Looking at the Surveyor one way measurements for April 17th between SLAC and CERN the effect of the file transfer on the one-way delays is apparent (note the large increases between 20:00 and 22:00 UTC, i.e. when Gilles was making his tests). It may be significant that the impact on the delays from CERN to SLAC are larger (increase from 80msec. to 220msec.) than from SLAC to CERN (increase from 80msec. to 110msec.) During this time the routes appeared to be stable, also no packet loss was reported by Surveyor.
Surveyor SLAC CERN April 17, 2000

Utilization

The MRTG SLAC ESnet link utilization plots for the SLAC located ESnet owned router (slac-rt1.es.net) link to the ATM cloud, for the morning of May 2nd is seen below. The points are for 5 minute averages, the green is the traffic inbound to SLAC, and the blue is the outbound from SLAC. Spikes in the utilization can be seen, presumably corresponding to Gilles tests. The link is a 43Mbps T1 link carrying ATM. 3.5 Mbps is reserved for a QoS pilot After one removes the ATM etc. overhead (about 20%) the link has a capacity of about 32Mbps. In the graph it can be seen that the utilzation to SLAC has higher peaks than from SLACX. This asymmetry is in agreement with the throughput measurements.
MRTG plot of Utilization of SLAC ESnet link

The equivalent MRTG plot for the CERN USA link is seen below. It is seen that the peak utilisation from CERN is greater than to CERN which is again in agreement with the asymmetry in throughput.
CERN-US link Utilisation May 2, 2000

Below is the utilization for the Tersk01 1Gbps Network Interface on May 1-2, 2000. In this case the red line is the utilization from the Catalyst 6509 switch to tersk01 and blue line is from terks01 to the switch. Again the peak utilization is in higher in the direction of CERN to SLAC.
Tersk01 Network Interface Utilization May 1-2,2000

Tersk01 Network Interface Utilization May 1-2,2000

One Possible Cause

Using iperf and tcpdump/ tcptrace/ xplot with an iperf server at solaris.cern.ch and the client sending data via TCP from pharlap.slac.stanford.edu with 256kByte windows and 10 streams on Thursday 6/8/00 we saw about 15Mbps aggregate throughput, whereas on Friday 6/9/00 we saw about 25Mbps aggregate throughput. Email to Olivier Martin of CERN elicited the following in response to a question about the dramatic change in thruput: Yes, we have known for some time about a nasty interaction between the Cisco transparent Web cache and the CPU utilization of the Cisco 7507 router leading to packet losses. The Web cache was disabled yesterday (Thursday June 8th, 2000) evening.
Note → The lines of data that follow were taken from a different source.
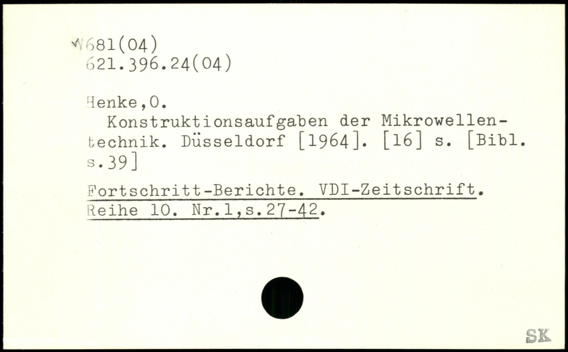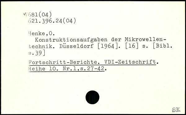 lenke,0. Konstruktionsaufgaben der Mikrowellentechnik. Düsseldorf [1964]. [l6] s.
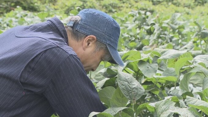 町特産の「あけぼの大豆」の枝豆の収穫が始まり、浅野さんは実入りのいいさやを選び丁寧に摘み取っていました。
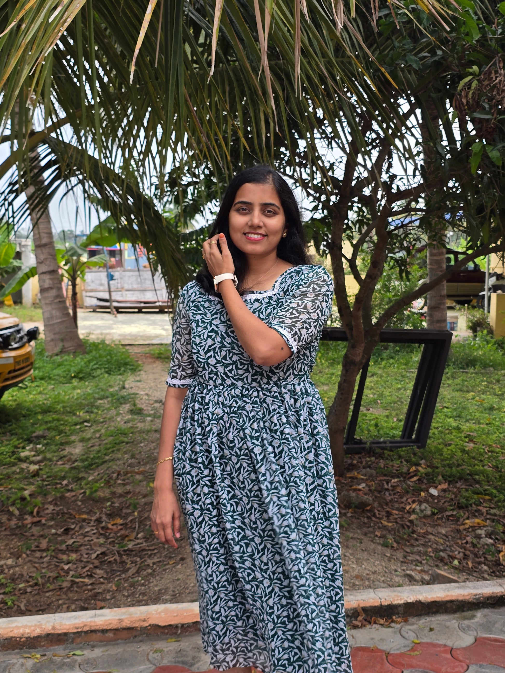 Green Floral with lace border Georgette Feeding Maxi with Zip and Full Lining
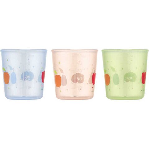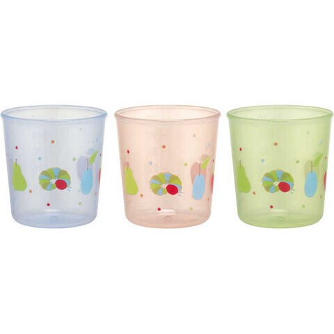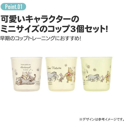 可愛いキャラクターのミニサイズのコップ3個セット!小さな手と口にぴったりな形と大きさでお子様のつかむ、飲む練習に最適です。
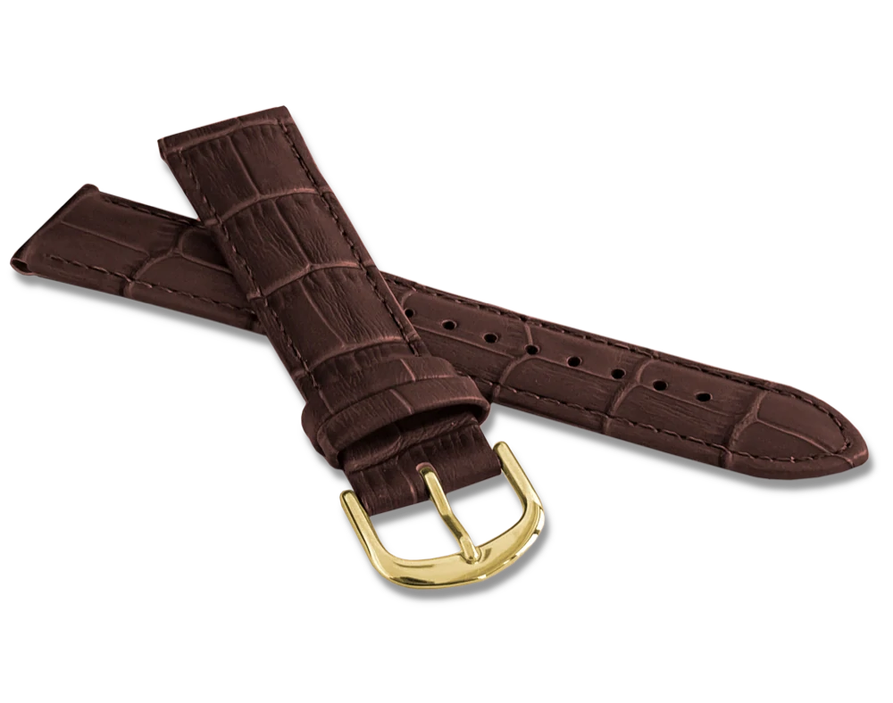 Tmavě hnědý prošitý řemínek CROCO se zlatou sponou - 14 BSIGC14 SKLAD

However, the bbftp thruput was still measured at about 16Mbps with 10 streams, from tersk01.slac.stanford.edu to sunstats.cern.ch (the iperf thruput from tersk01 to sunstats was measured at ~25Mbits/sec).

Compression

Dominique ran some tests with compression:

From datamove3 :
 -  2 threads No Comp  7.5 Mb/s
 -  4 threads No Comp 12.4 Mb/s
 -  5 threads No Comp 13.6 Mb/s
 -  6 threads No Comp 19.1 Mb/s
 -  8 threads No Comp 20.1 Mb/s
 - 10 threads No Comp 19.9 Mb/s
 
 -  5 threads with Comp 13.6 Mb/s
 -  8 threads with Comp  6.3 Mb/s
 - 10 threads with Comp  7.4 Mb/s
 
From tersk02 :
 - 10 threads with Comp 26.4 Mb/s - Second try : 25.1 Mb/s
 
From shire01 :
 - 10 threads with Comp 37.9 Mb/s

So it appears that the network is fine, the throughput is limited by the datamove3 machine itself when we use compression. Dominique saw the load on datamove3 increasing from ~5 up to ~17 when I was trying to use 10 threads with compression.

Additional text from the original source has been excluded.